# [TASK DIRECTIONS]
Find "Fotografía N°02: Cobertura" below and begin at its line; stop after the line with "Народный коллектив Оркестр". Output those lines exactly, without pictures.

# [DATA SECTION]
/---
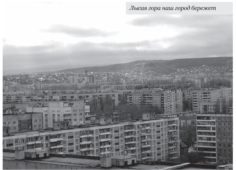
Лысая гора наш город бережет

– А про клады Золотой Орды что-нибудь писали?
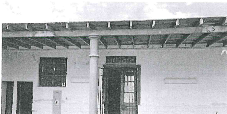
Fotografía N°02: Cobertura de techo en mal estado.

[Handwritten signature] GERENCIA REGIONAL DE SALUD RED DE SALUD PACASMAYO
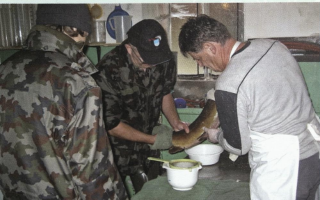
Smukanje iker potočnih plemenk
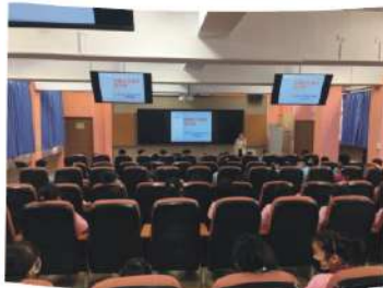
性別平等教育宣導
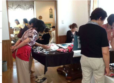
shopにはたくさんのお客さまが
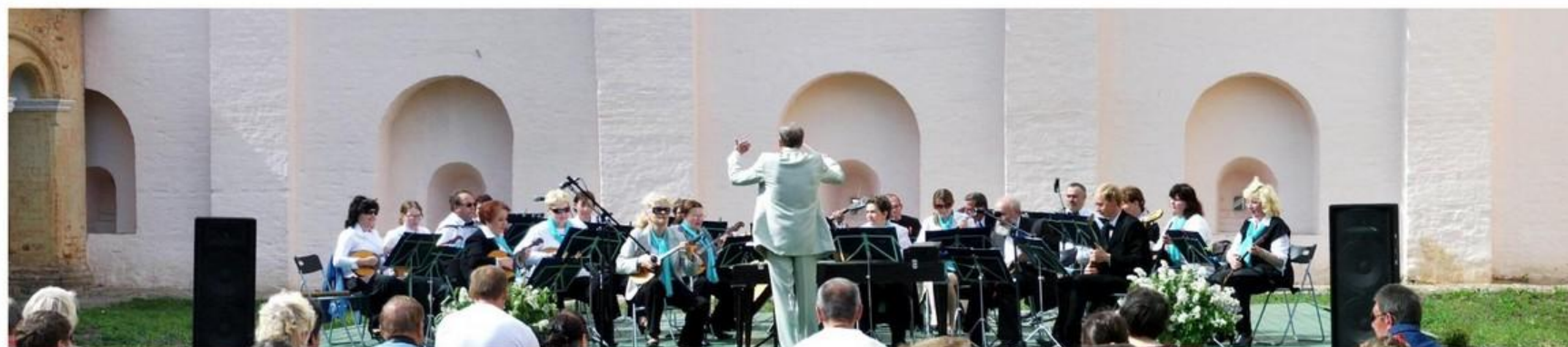
Народный коллектив Оркестр русских народных инструментов им. Сергеева
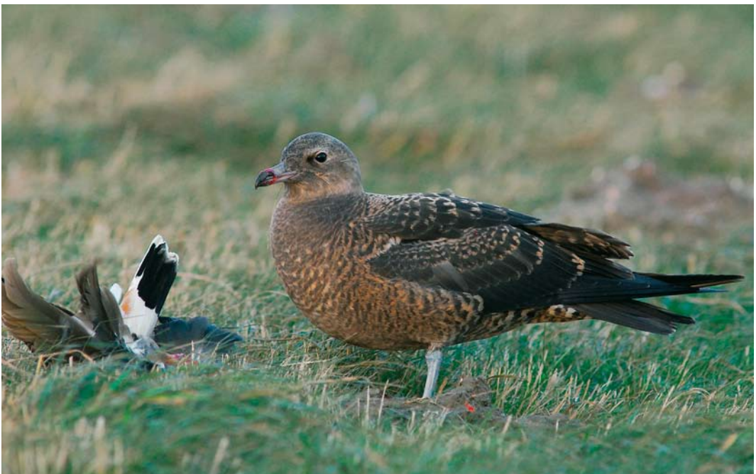
619 Middelste Jager / Pomarine Jaeger Stercorarius pomarinus , juveniel, Eemshaven, Groningen, 10 november 2007 ( Roef Mulder )
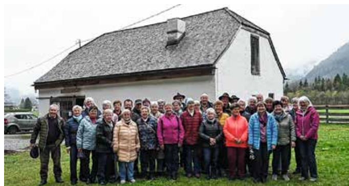
Die Teilnehmenden am Pfarrausflug St. Martin Hopferau.
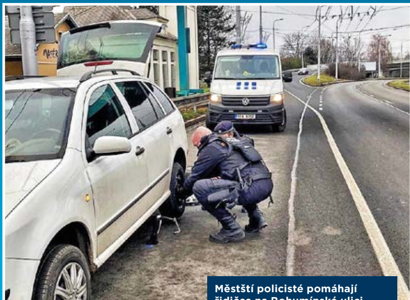
Městští policisté pomáhají řidičce na Bohumínské ulici.

Strážníci proto neváhali, přiložili ruce k dílu a řidičce pomohli kolo vyměnit. Po krátké chvíli tak řidička mohla pokračovat dále v jízdě.
\---
# [SOLUTION]
Fotografía N°02: Cobertura de techo en mal estado.

[Handwritten signature] GERENCIA REGIONAL DE SALUD RED DE SALUD PACASMAYO
Smukanje iker potočnih plemenk
性別平等教育宣導
shopにはたくさんのお客さまが
Народный коллектив Оркестр русских народных инструментов им. Сергеева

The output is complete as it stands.